In situ deformation characterization of density-graded foams in quasi-static and impact loading conditions

Abstract

Digital image correlation is utilized to characterize deformation and strain fields developed within the layers of density-graded multilayered foam structures subjected to uniaxial quasi-static and dynamic compression. Three-layered graded structures fabricated from rigid polyurethane foams with nominal densities of 160, 240, and 320 kg/m3 are subjected to quasi-static and dynamic loading. The quasi-static measurements show that, irrespective of the loading direction, the densification is initiated in the lowest density layer and propagates into other layers later once the first layer is fully densified. The deformation mechanisms are different in the case of dynamic loading conditions than quasi-static loading.

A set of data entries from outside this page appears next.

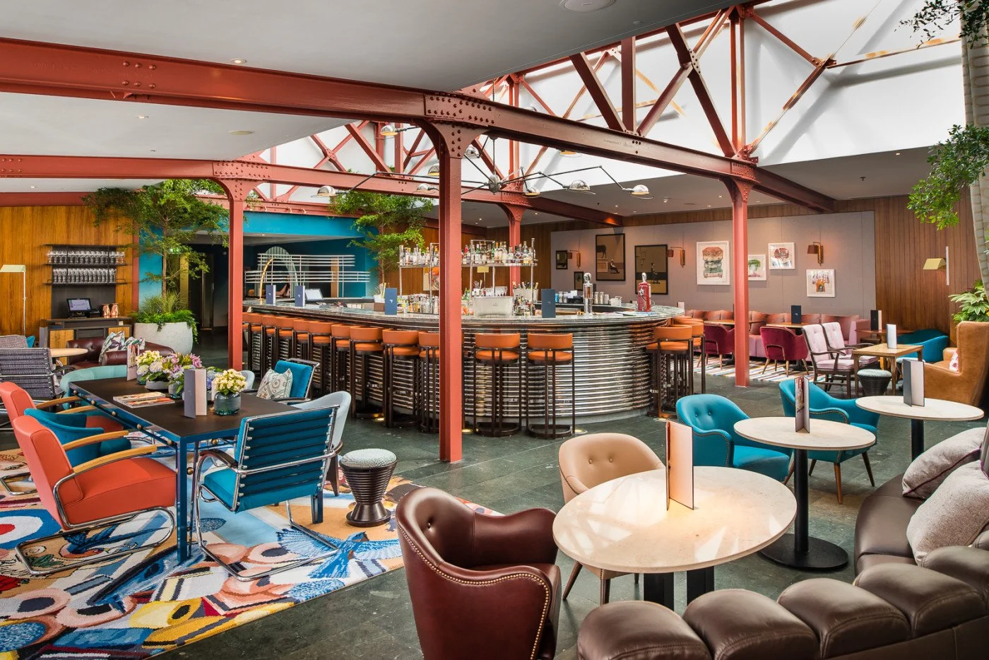 The revamp celebrated the building’s roots—it was the first garage of the Bluebird Motor Company in 1923. The atrium features many kinds of foliage, with fabrics and textures alluding to English racing.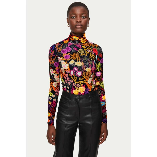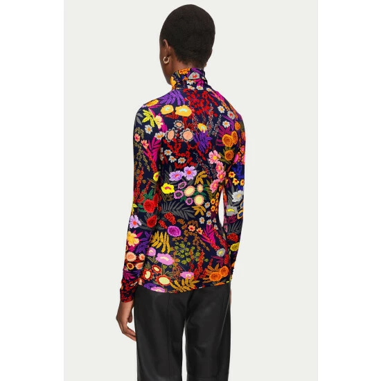 Printed onto viscose jersey with a little added stretch, this slim fitting layer in vibrant Midnight Garden print is perfect as an underlayer to tailoring or as a statement piece back to denim and leather separates.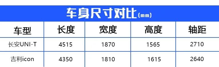 车身尺寸方面,长安UNI-T的长宽高分别为4515/1870/1565mm,轴距为2710mm。而吉利icon的长宽高分别为4350/1810/1615mm,轴距为2640mm。显然,长安UNI-T在身形方面更显优势。
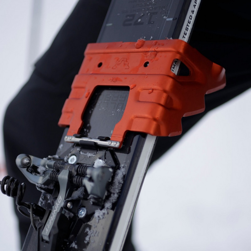 2. Das Harscheisen einrasten lassen, damit es mittig auf dem Ski liegt, bevor es heruntergeklappt wird.

In the case of dynamic loading, the deformation mechanism depends on the sample orientation relative to the direction of the applied load. In cases where the higher density layers are impacted, the propagation of the elastic and compaction waves leads to partial deformation of the lowest density layer. Sample deformation continues in all layers upon the reflection of the stress waves from the distal end of the sample. A completely different deformation response is observed in cases where the lowest density layer is oriented towards the impact face. A detailed full-field analysis of strain and stress is performed. The mechanisms associated with the formation and propagation of stress waves from the impact end to the samples' distal end are discussed.